In the switching arrangement according to Figure 7, which in larger cooling systems Should find application, the compressor and heater circuit through relays operated switches controlled. Here, too, 2 represents the heater, 9 one Main switch and 10 a relay which has two pairs of contacts 10Q, 10b. Of these, the former are usually closed while the latter are open. The contacts 10Q control the compressor 11 through one in a relay actuated switch 12. 13 represents a thermostatic switch, which the Compressor 11 controls automatically. Contacts 10b usually control one closed, pressure operated switch 14 and a relay switch 15, which both are connected in series with heater 2. 16 is a clockwork operated one Switch, which is usually open and in series with the coil of the relay switch 10 lies. At 17 is a thermostat for automatic control of the heater 2 designated.

For use, the main switch 9 is closed and the timer is set to the specific time. Current then flows through the contacts 10. The relay switch is closed so that the compressor 11 starts up. It is also subsequently controlled in the usual manner by the pressure operated switch 13 which can be connected in series with the contacts 10Q. When the clockwork switch 16 closes, the coil of the relay 10 is energized, the contacts 10 ″ are opened, but the contacts 10b closed. The compressor 11 is thus stopped and the relay switch 15 closed. Current then flows through the pressure-actuated switch 14 and the heater 2. When the pressure created inside the evaporator tube due to the action of the heater rises above a predetermined level, the switch 14 is opened and the heater 2 is switched off If the pressure should not be sufficient to open the switch 14, but the temperature of the evaporator should accidentally have risen too high, the thermostat 17 opens the heating circuit and switches off the heater 2. Until the timer 16 becomes effective again to de-energize the relay, the compressor 11 remains ineffective.

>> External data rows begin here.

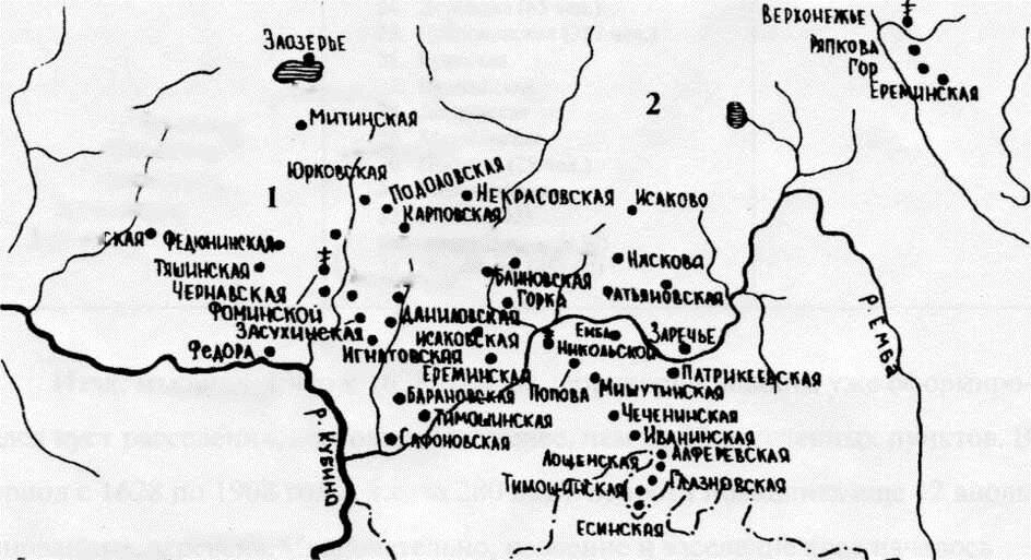 Предметом нашего исследования является Ембский Николаевский приход, границы которого совпадали с административными границами Ембской (в нек. источниках 19 века - Емской) волости Вельского, а с 1 января 1851 года Кадниковского уезда Вологодской губернии. Это была территория, удаленная от основных административных, экономических и культурных центров европейского Севера. По документам каркас расселения в долине реки Ембы сформировался к началу 17 века. * Никольский Погост как населенный пункт прекратил свое существование еще в начале XX века. ** Деревня Подгорное исчезла в 30-е годы XX века. *** Деревня Коротниха перестала существовать к 60-м годам XX века. (Н) Деревни, помеченные знаком (Н), в настоящее время относятся к Нижесо- лободскому сельсовету. Итак, мы видим, что к 1628 году на территории волости уже сформировался куст расселения, состоящий не менее, чем из 22 населенных пунктов. В период с 1628 по 1908 годы, т.е. за 280 лет в волости появились еще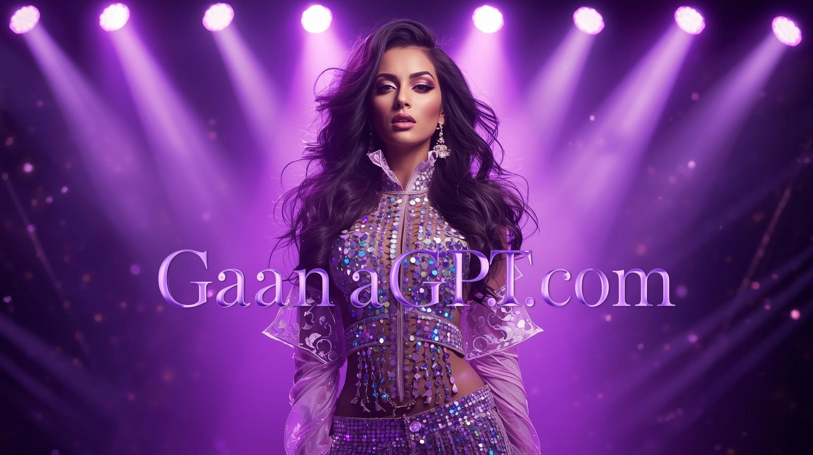 A glamorous Bollywood popstar woman in a neon purple spotlight, bold makeup, holographic outfit, dra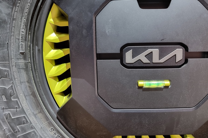 Kia PV5 WKNDR mit Wasserwaage in den Felgen zum ebenen Parken Foto: SP-X/Peter Weißenberg
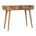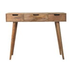Add this beautiful dressing table to your home. Constructed from 100% solid mango wood in an oak-ish finish with 3 spacious drawers, it features a foldable mirror and storage compartments for storing any bits and pieces. Other product features – include Nordic style legs and cut-out slots for easy access to and from the drawers. A lovely versatile piece that will complement any room beautifully.

Appropriately with the defrosting device described is a Heated drip mat used to remove melted ice that may have fallen from the vaporizer could drip off. This mat consists of a mesh grid corresponding design on which a coil or coils of the heating cable are similar of the type described above are connected. This mat goes under the evaporator placed so that it catches the drops which subsequently evaporate as a result the heating of the grate by the heating coil. The cable of the drip mat is electrical connected to the defrosting machine so that it can only be used during the defrosting process is heated.

Claims (6)

PATENT CLAIMS: 1. Cooling system with a device for de-icing of the evaporator by means of a heating cable, characterized in that the heating cable from a central conductor, a rigid insulating material surrounding it, as well as a coating of copper or other metallic, sheet-like material and along the evaporator tubes in direct contact with or in the vicinity of them runs. 2. Cooling device according to claim 1, characterized in that the heating cable clamped to the inside or outside of the evaporator, spot-welded, soldered or otherwise attached. 3. Cooling device according to claim 1, characterized in that the heating cable in an evaporator with vertical ribs is passed through holes provided in the immediate vicinity of the evaporator tube. 4th Cooling device according to Claim 1, characterized in that in the case of an evaporator with vertical ribs, the ribs are provided with slits from the outer edge that are used to accommodate the heating cable. 5. Cooling device according to claim 1, characterized in that the heating cable around the evaporator tubes in a relatively large snail shape is looped around. 6. Cooling device according to one of the preceding claims, characterized by an electrically heated drip mat to be attached under the evaporator for collecting molten ice which drips down from the evaporator, this drip mat consisting of a mesh grate to which a heating cable according to claim 1 is attached, and the cable is electrically connected to the de-icing device so that the mat is only heated during de-icing. Documents considered: French Patent No. 824198; British Patent No. 361,452. U.S. Patent Nos. 2,410,194, 2,511,419.